= Chop Shop (musician) =

Noise musician Scott Konzelmann

Chop Shop a.k.a. Scott Konzelmann, is a noise musician who has released recordings on Pure, RRRecords, Banned Production, V2_Archief and Generator Sound Art.

Chop Shop creates sound using salvaged materials and speakers to create drones and other sounds specific to the speaker created. Often the speaker features prominently in the packaging as a photo or daguerreotype. Chop Shop is known also for innovative packaging using leather, tar paper, steel plates, etc.

Konzelmann is also part of Generator Sound Art, Inc. in New York City. In 2005, Chop Shop was part of the Activating the Medium Festival.

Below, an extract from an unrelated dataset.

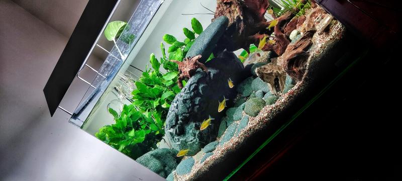 έχω αρκετό καιρό να γράψω, από ότι είδα κοντά στον 1,5 χρόνο. Το aquascape που είχα φτιάξει τελευταία φορά που πόσταρα το άλλαξα και τώρα έχω φτιάξει ένα με λιγότερα φυτά, καθώς με κούραζε πολύ η περιποίηση που θέλανε λόγο του ότι στα 70lt (μικτά) κατάκλυζαν το ενυδρείο για πλάκα, βέβαια από την άλλη με βόλευε πολύ γιατί δεν έμενε ίχνος νιτρικών, όμως αυτό είχε σαν αποτέλεσμα να μην περιποιούμαι την πρασινάδα, με αποτέλεσμα η εμφάνιση του ενυδρείου να μην μου αρέσει. Οπότε με την καινούργια χρονιά βγήκαν όλα από την γυάλα και τοποθετήθηκε καινούργιο hardscape που περιλαμβάνει πέτρες που είχα μαζέψει το καλοκαίρι καθώς και λίγα ξύλα από αυτά που είχα το προηγούμενο στήσιμο. Επιπλέον αν και αγόρασα καινούργιο υπόστρωμα, τελικά καθάρισα το προηγούμενο και πρόσθεσα από πάνω ένα ποταμίσιο χαλικάκι που πήρα από petshop (~1 cm) και όχι σε όλη την επιφάνεια του βυθού. Τώρα ενώ είχα ελέγξει τις πέτρες ότι δεν ανεβάζουν την GH (με aquaforte), διαπίστωσα ότι η gh στο νερό του ενυδρείο αυξάνετε, δηλαδή ενώ στην βρύση έχω GH=9 και στο ενυδρείο μετά από προετοιμασία του νερού με μείγμα από Α.Ο. και νερό βρύσης η GH είναι μεταξύ 5 με 6, μετά από μία μέρα ανεβαίνει στο περίπου κατά 1 βαθμό, με αποτέλεσμα να φτάνει στο ~7. Δεν το έχω αφήσει παραπάνω από 1-2 μέρες για να δω που θα τερματίσει αλλά πιστεύω ότι θα έχω μία αύξηση κοντά στους 2 βαθμούς. Αυτή τη στιγμή έλεγξα με ποιο σωστό τρόπο κάποιες πέτρες που δεν χρησιμοποίησα, δηλαδή τις έβαλα μέσα σε νερό από Α/Ο και τις άφησα 1 μέρα να δω αν θα υπάρχει έστω κάποια μικρή διαφορά, αναλογικά η πέτρα είναι σε μεγαλύτερο ποσοστό από ότι στο ενυδρείο και δεν είδα διαφορά. Το ίδιο πράγμα έκανα και με το ποταμίσιο χαλίκι που πίστευα ότι είναι η αιτία και όντως είχα μία αύξηση 4 μονάδες σε 3 μέρες, αναλογικά το χαλίκι σε σχέση με το νερό είναι σε μεγαλύτερη ποσότητα από ότι στο ενυδρείο. Το ερώτημα μου είναι, αν για να κρατάω την GH στο επίπεδο που θέλω, με το να αφαιρώ λίγο νερό και να προσθέτω νερό από την Α/Ο σε καθημερινή βάση, πέρα από το να παραμένει καθαρό το νερό, αφού στο τέλος της εβδομάδας έχω αλλάξει σχεδόν το 100% του νερού και τα No3 είναι 5ppm/l , θα έχω έλλειψη σε άλλα στοιχεία που χρειάζονται τα ψάρια? Τουλάχιστον σκέφτομαι προσωρινά να το κρατήσω έτσι, γιατί γλυτώνω την προετοιμασία του νερού που έκανα στην εβδομαδιαία αλλαγή, καθώς στην καθημερινή αντικατάσταση δεν ρυθμίζω τίποτα και ρίχνω το νερό της Α/Ο απευθείας, αφού δεν χρειάζεται ούτε να το ζεστάνω μιας και η αλλαγή στην θερμοκρασία είναι σχετικά μικρή (~1c). Τι γνώμη έχετε, από την εμπειρία σας τι λέτε για όλο αυτό? Ευχαριστώ! |

==Discography (selection)==
- Steelplate – 1991 (2 10" EPs bound to 10" square plate of steel) RRRecords.
- Tension Charge Discharge – 1994 (3" CD in metal mesh package) V2_Archief.
- Plays Emil Beaulieau – Red & Buried (5" CD) Pure.
- Smolder – 1998 (3" CD on copper plate wrapped in lead) V2_Archief.
- Discrete Emission (7" record in riveted tar paper (or limited sewn leather) sleeve—one side plays "in," one "out") Banned Production.
- Powerdrunk (5" CD in tar paper sleeve) Banned Production.
- Rusty Hum (3" CD) Banned Production.
- Hello (business card-size CD) Banned Production.
- Kaput (3" CD "packaged in a gauze wrap surgical taped to a sheet of cracked safety glass.") Generator Sound Art.
- Perpetual Tension (Concert for Speaker Constructions) – Live performance April 29, 1994 at Roulette, NYC (5" CDR) Generator Sound Art.
- Breakthrough (5" CDR – "A repackaged edition of the limited 1992 cassette release of the Orgonon field recordings") Generator Sound Art.